__Your assignment__
For this exercise, retype the lines from the one that holds "Eladó az V." through the one that holds "当你手机横向充电时,可以将屏" in the records below, both included, exactly and without pictures.

__The data__
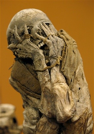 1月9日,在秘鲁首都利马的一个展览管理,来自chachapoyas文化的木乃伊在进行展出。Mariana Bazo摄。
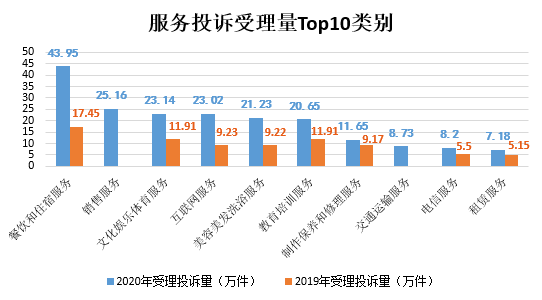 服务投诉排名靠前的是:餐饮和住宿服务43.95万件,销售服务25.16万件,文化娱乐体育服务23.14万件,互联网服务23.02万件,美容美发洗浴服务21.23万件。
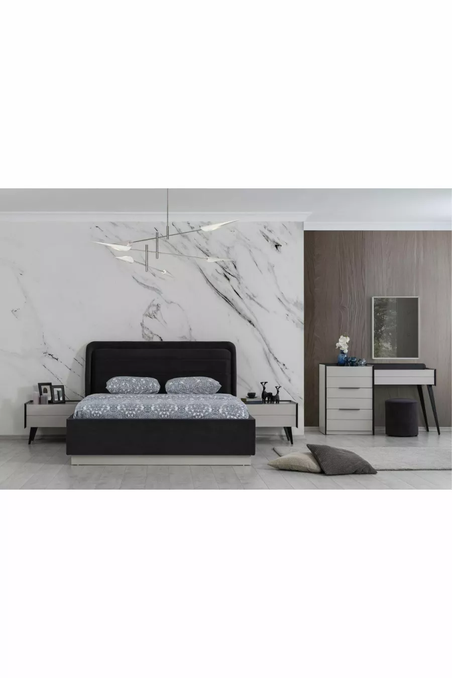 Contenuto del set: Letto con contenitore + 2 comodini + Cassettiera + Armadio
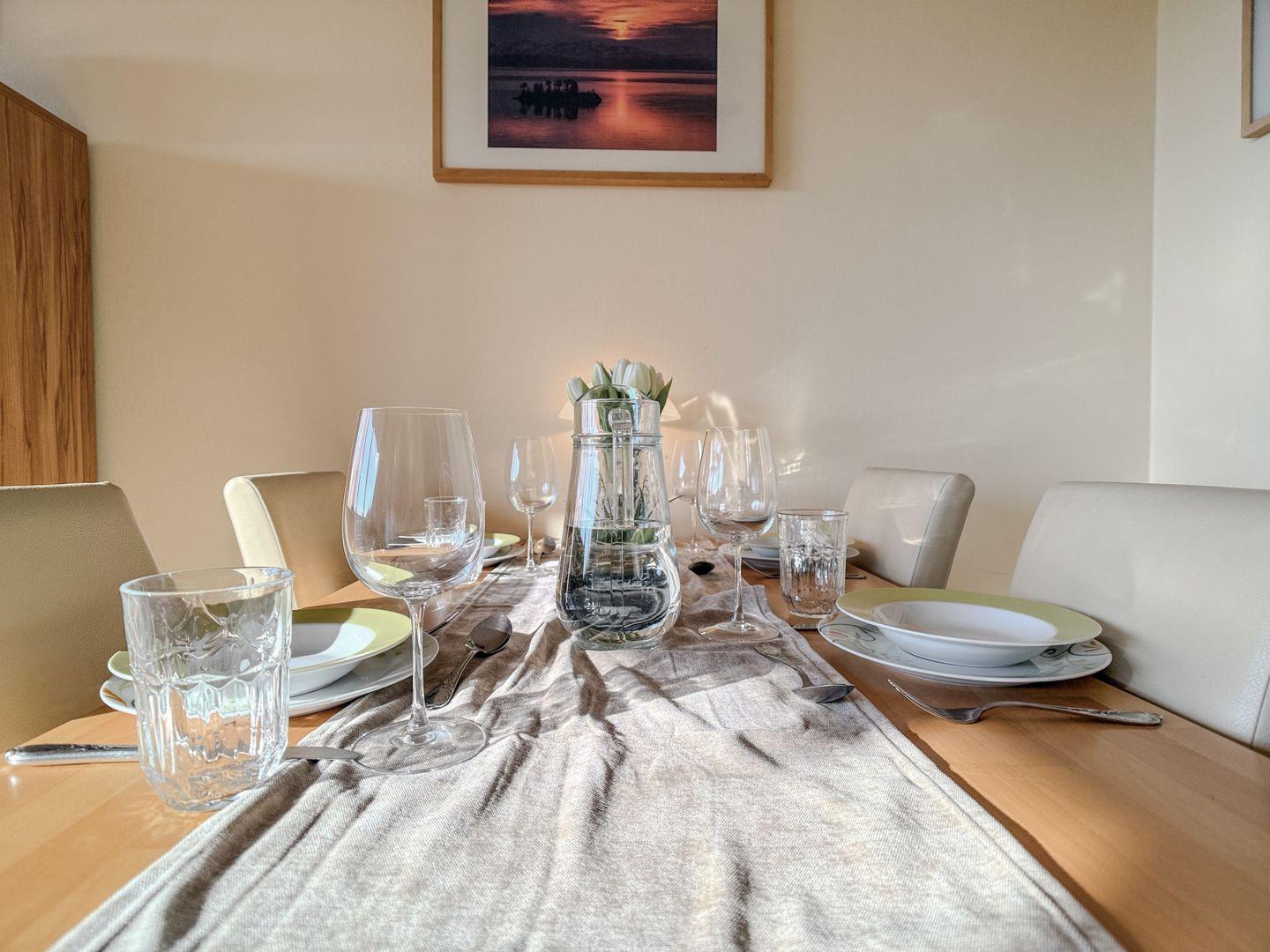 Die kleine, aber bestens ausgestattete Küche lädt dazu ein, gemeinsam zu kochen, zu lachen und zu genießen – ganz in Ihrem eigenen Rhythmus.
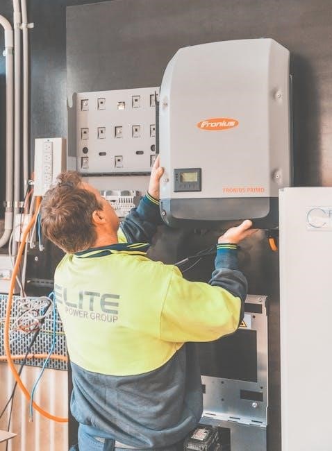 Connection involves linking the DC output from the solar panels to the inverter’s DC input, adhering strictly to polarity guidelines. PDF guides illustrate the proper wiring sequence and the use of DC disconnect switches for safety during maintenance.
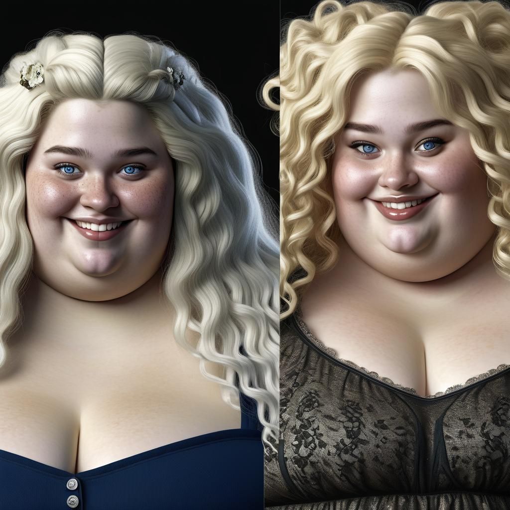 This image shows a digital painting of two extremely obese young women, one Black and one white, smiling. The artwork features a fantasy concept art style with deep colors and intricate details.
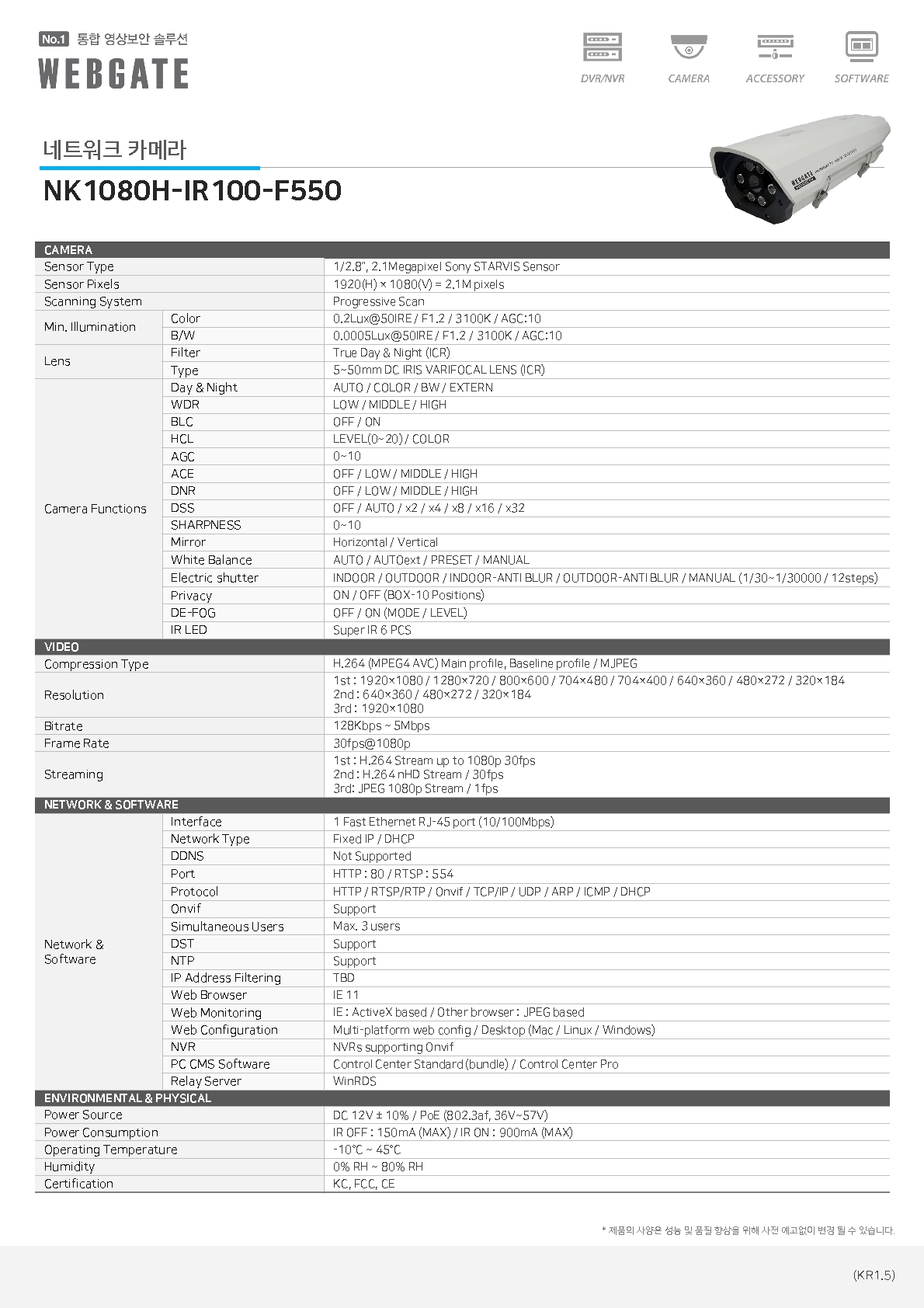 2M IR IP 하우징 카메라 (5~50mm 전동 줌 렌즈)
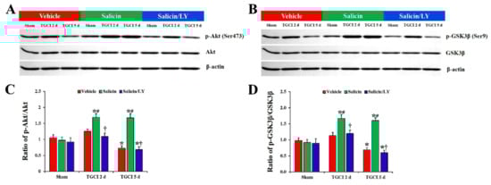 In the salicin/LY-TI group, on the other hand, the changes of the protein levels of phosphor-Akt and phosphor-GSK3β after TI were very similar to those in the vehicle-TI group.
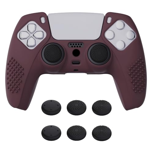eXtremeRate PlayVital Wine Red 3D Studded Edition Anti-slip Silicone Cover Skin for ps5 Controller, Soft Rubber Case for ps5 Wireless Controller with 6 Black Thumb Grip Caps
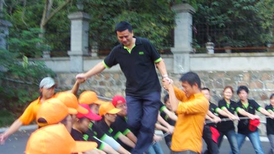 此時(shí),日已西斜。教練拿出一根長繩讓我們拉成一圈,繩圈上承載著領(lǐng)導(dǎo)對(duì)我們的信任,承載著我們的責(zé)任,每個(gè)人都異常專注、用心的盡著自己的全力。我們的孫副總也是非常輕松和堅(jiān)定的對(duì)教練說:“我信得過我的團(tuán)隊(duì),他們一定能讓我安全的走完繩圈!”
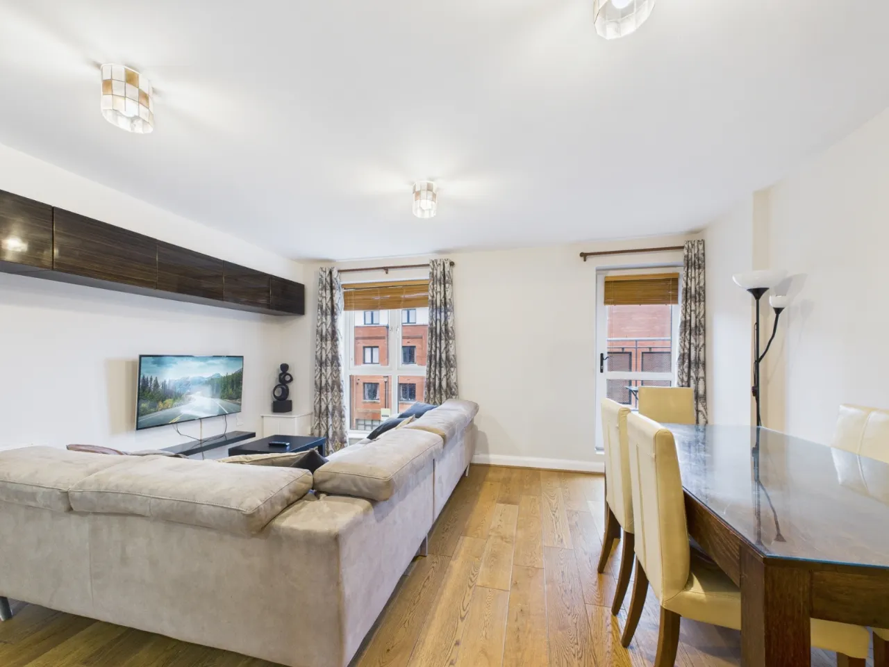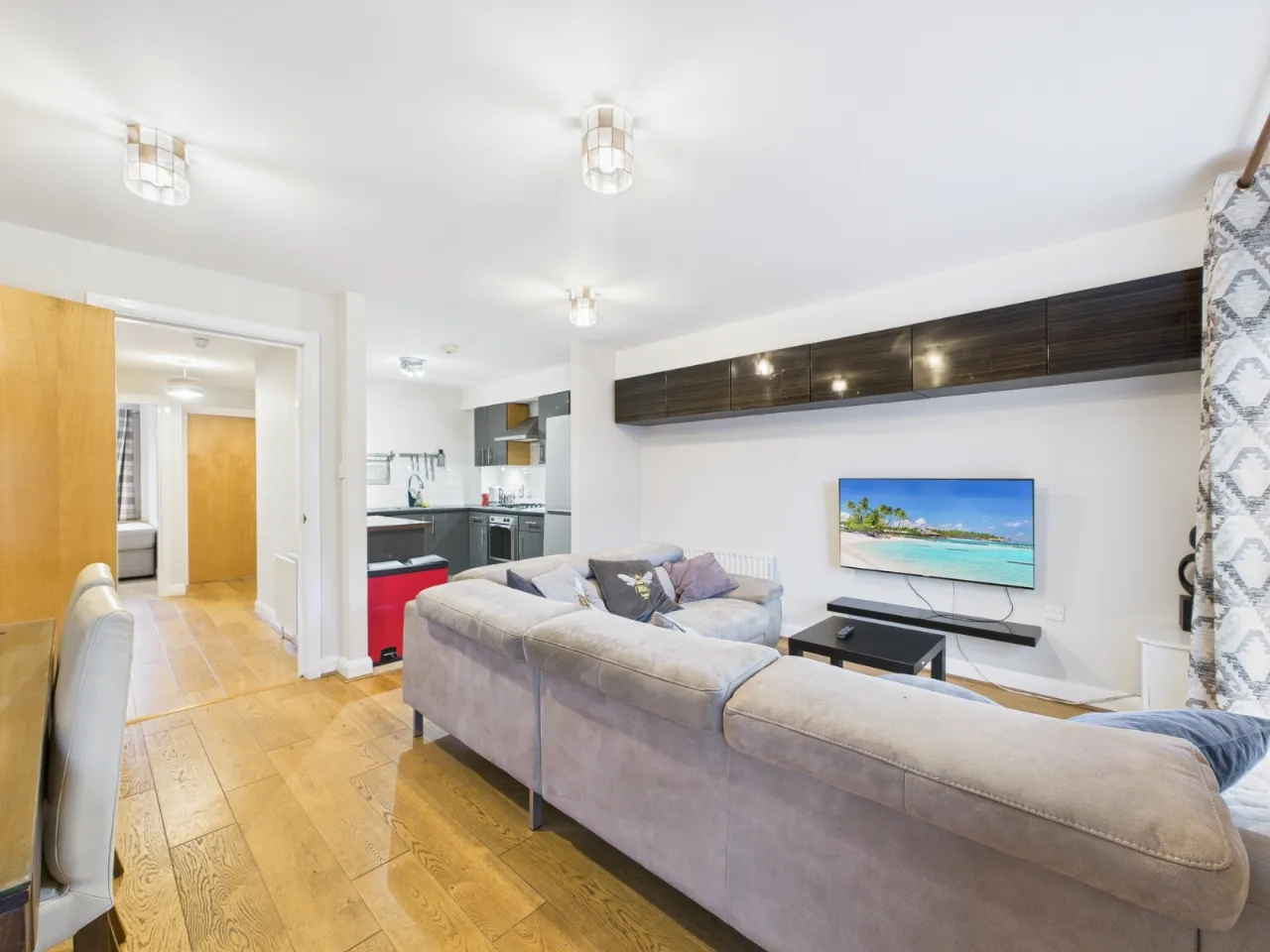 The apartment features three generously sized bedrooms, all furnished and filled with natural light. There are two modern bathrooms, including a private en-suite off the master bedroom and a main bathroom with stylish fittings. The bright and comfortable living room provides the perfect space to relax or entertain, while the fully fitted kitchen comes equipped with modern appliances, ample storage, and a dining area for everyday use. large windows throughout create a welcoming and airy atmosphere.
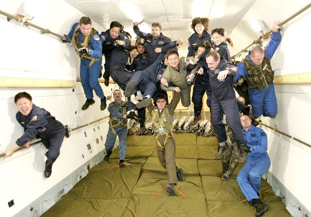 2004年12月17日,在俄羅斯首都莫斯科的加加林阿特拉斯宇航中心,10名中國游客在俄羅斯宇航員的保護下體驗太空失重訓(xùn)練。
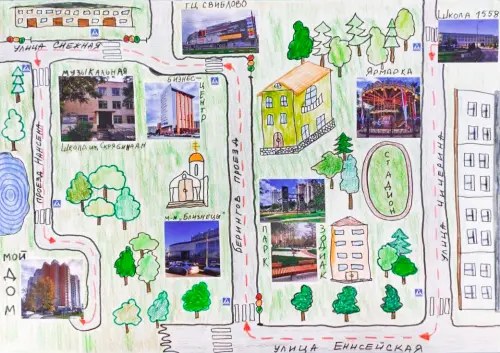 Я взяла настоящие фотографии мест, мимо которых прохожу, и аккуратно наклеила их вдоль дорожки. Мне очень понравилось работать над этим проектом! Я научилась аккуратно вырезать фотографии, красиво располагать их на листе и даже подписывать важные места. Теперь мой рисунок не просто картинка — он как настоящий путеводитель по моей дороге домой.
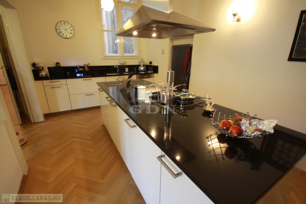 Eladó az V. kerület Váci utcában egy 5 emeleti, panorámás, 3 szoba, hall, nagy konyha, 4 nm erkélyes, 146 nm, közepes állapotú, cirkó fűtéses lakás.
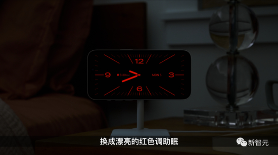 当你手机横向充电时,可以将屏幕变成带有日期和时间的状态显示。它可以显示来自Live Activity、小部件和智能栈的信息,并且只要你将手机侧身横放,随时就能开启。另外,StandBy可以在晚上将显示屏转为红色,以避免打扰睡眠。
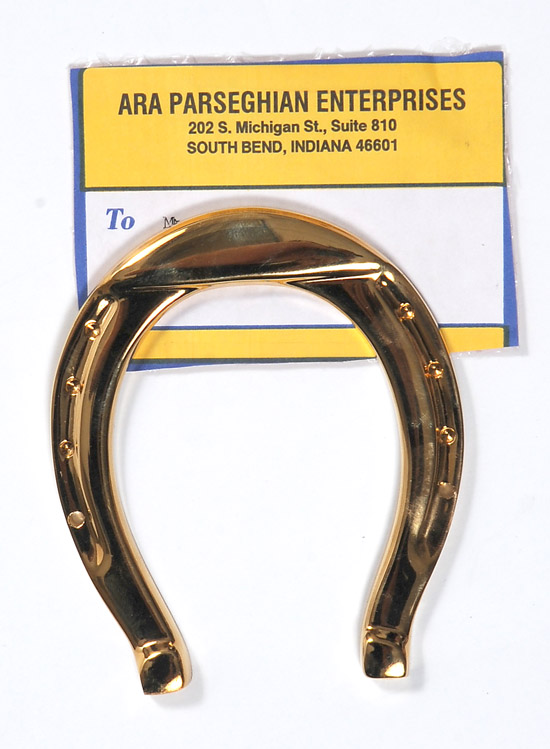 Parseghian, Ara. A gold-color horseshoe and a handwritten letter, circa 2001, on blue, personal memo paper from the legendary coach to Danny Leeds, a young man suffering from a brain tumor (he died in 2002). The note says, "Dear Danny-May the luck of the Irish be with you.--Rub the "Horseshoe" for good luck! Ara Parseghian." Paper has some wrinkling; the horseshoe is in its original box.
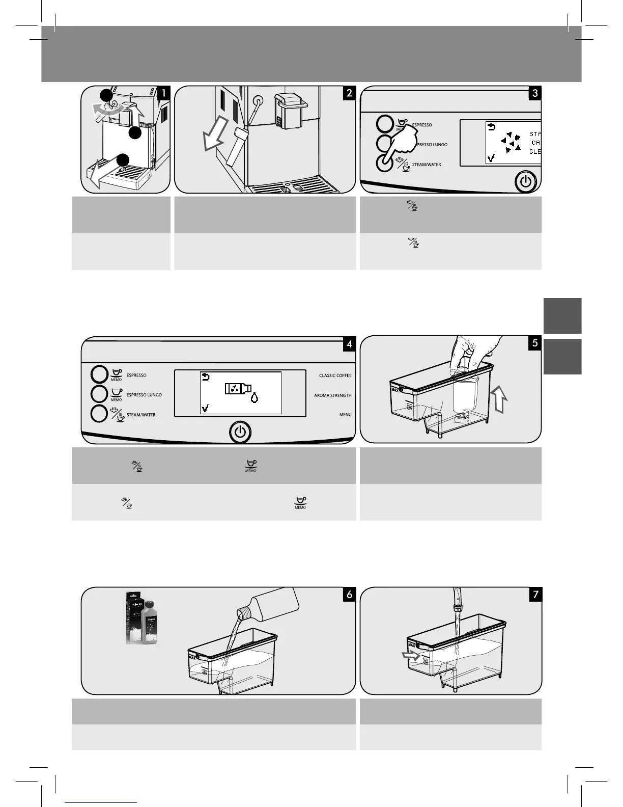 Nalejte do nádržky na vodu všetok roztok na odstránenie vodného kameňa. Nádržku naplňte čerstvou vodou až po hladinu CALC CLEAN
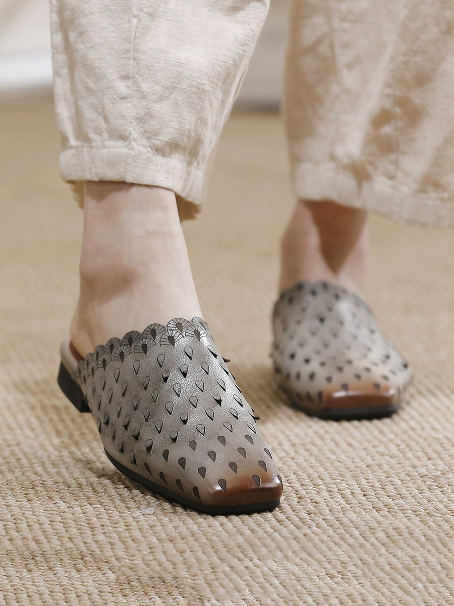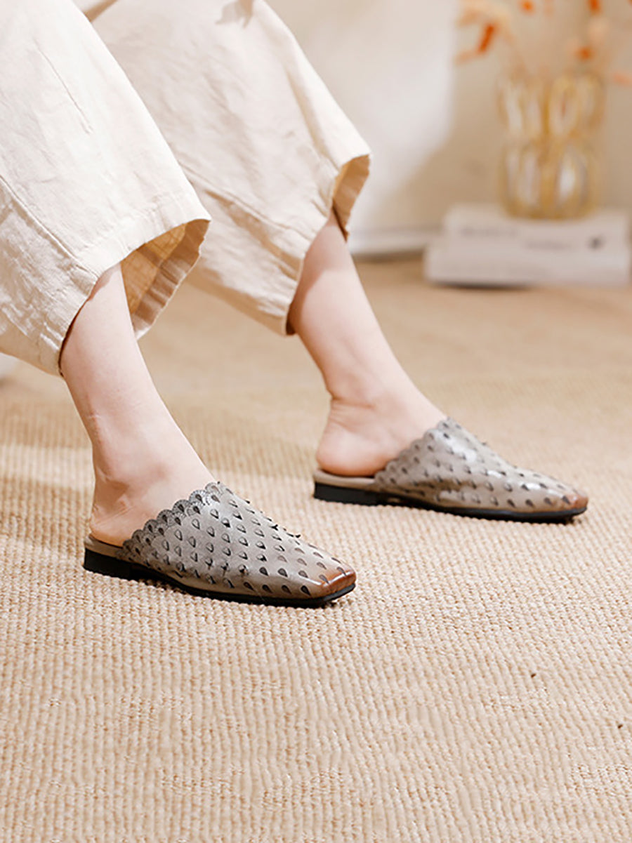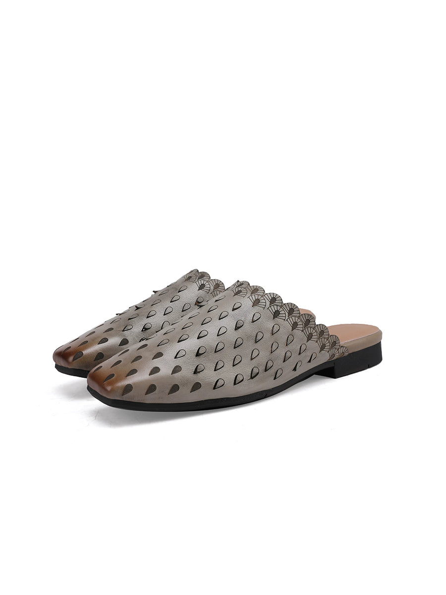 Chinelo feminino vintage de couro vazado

__Task result__
 Eladó az V. kerület Váci utcában egy 5 emeleti, panorámás, 3 szoba, hall, nagy konyha, 4 nm erkélyes, 146 nm, közepes állapotú, cirkó fűtéses lakás.
 当你手机横向充电时,可以将屏幕变成带有日期和时间的状态显示。它可以显示来自Live Activity、小部件和智能栈的信息,并且只要你将手机侧身横放,随时就能开启。另外,StandBy可以在晚上将显示屏转为红色,以避免打扰睡眠。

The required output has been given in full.